Material supplied START

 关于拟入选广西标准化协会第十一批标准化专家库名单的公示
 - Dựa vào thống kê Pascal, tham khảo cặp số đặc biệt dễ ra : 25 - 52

Material supplied END
Material supplied START

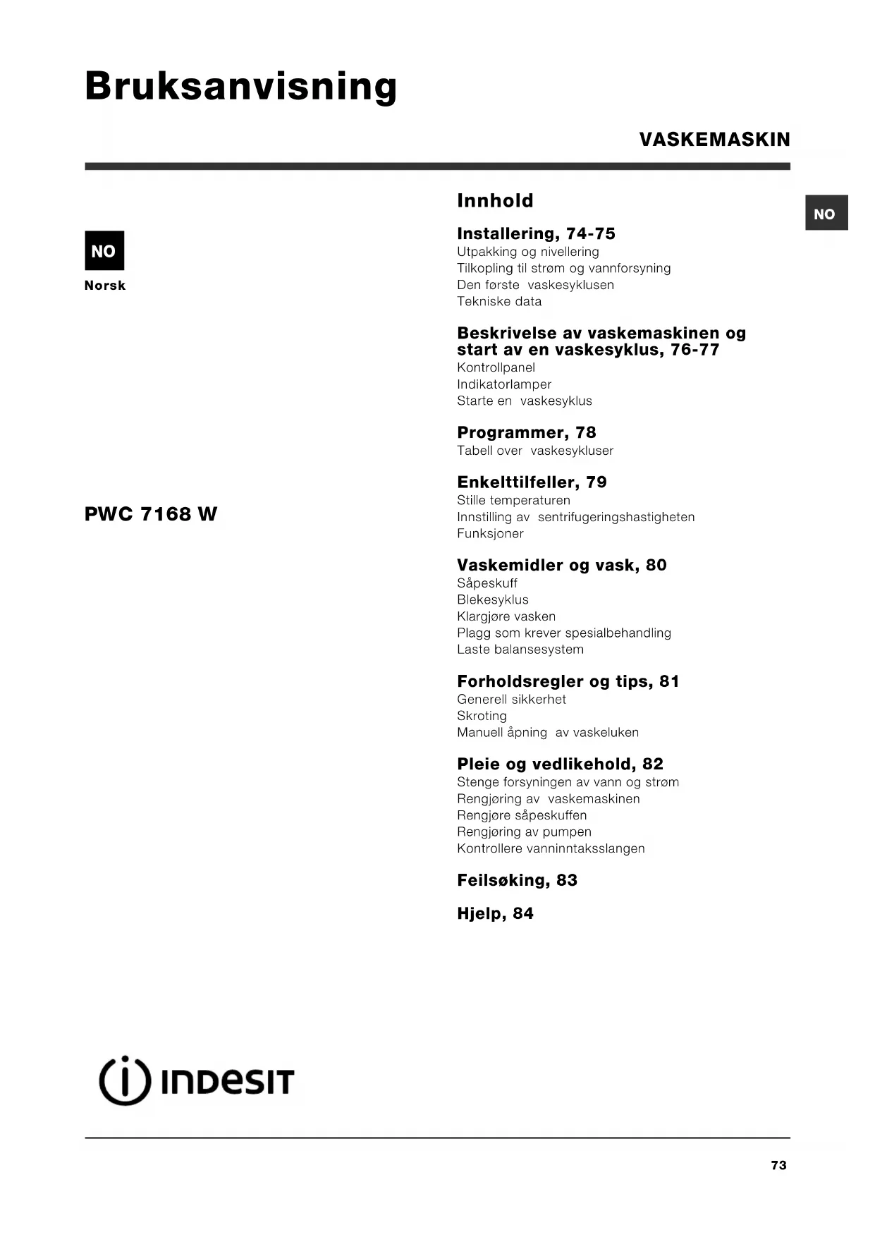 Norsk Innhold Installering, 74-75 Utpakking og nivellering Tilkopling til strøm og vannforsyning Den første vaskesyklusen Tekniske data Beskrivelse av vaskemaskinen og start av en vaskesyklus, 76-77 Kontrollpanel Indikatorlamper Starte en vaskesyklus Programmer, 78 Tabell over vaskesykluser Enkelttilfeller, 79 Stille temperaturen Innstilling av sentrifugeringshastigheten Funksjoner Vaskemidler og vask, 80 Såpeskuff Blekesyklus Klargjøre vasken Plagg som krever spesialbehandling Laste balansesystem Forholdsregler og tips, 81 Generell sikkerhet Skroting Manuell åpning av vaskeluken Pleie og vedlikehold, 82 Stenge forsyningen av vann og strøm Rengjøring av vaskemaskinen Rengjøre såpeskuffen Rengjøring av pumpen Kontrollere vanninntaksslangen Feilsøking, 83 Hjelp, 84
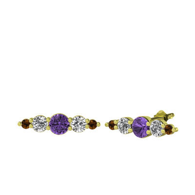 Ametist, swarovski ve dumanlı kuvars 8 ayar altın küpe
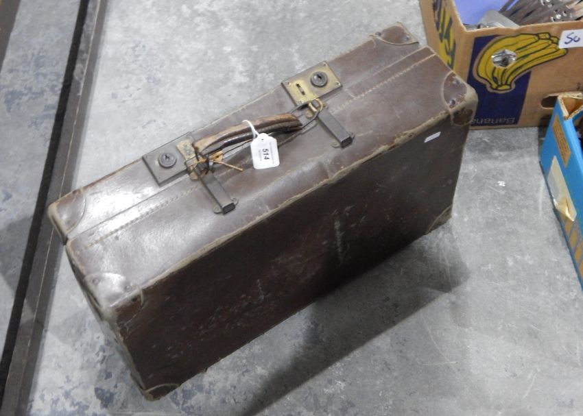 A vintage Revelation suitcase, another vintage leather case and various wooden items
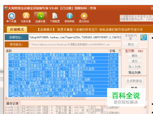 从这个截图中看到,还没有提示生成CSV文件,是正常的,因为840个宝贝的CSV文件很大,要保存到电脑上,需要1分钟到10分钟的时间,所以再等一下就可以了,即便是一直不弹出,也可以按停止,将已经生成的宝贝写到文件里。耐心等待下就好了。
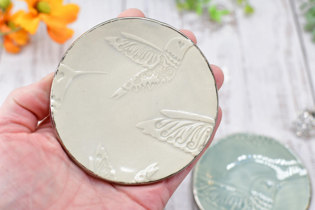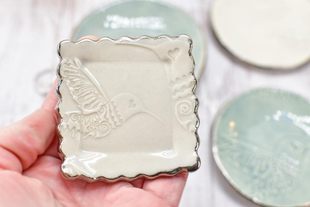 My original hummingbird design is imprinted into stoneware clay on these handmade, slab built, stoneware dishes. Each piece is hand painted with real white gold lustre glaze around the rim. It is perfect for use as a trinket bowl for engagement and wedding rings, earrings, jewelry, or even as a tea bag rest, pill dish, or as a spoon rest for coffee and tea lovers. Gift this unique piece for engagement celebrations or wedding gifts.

Material supplied END

_Exercise requirements_. Copy needed, without pictures: the lines of the listing above from the line containing "Ametist, swarovski ve" up to and including the line containing "My original hummingbird", set down exactly.

_Output below_.
 Ametist, swarovski ve dumanlı kuvars 8 ayar altın küpe
 A vintage Revelation suitcase, another vintage leather case and various wooden items
 从这个截图中看到,还没有提示生成CSV文件,是正常的,因为840个宝贝的CSV文件很大,要保存到电脑上,需要1分钟到10分钟的时间,所以再等一下就可以了,即便是一直不弹出,也可以按停止,将已经生成的宝贝写到文件里。耐心等待下就好了。
 My original hummingbird design is imprinted into stoneware clay on these handmade, slab built, stoneware dishes. Each piece is hand painted with real white gold lustre glaze around the rim. It is perfect for use as a trinket bowl for engagement and wedding rings, earrings, jewelry, or even as a tea bag rest, pill dish, or as a spoon rest for coffee and tea lovers. Gift this unique piece for engagement celebrations or wedding gifts.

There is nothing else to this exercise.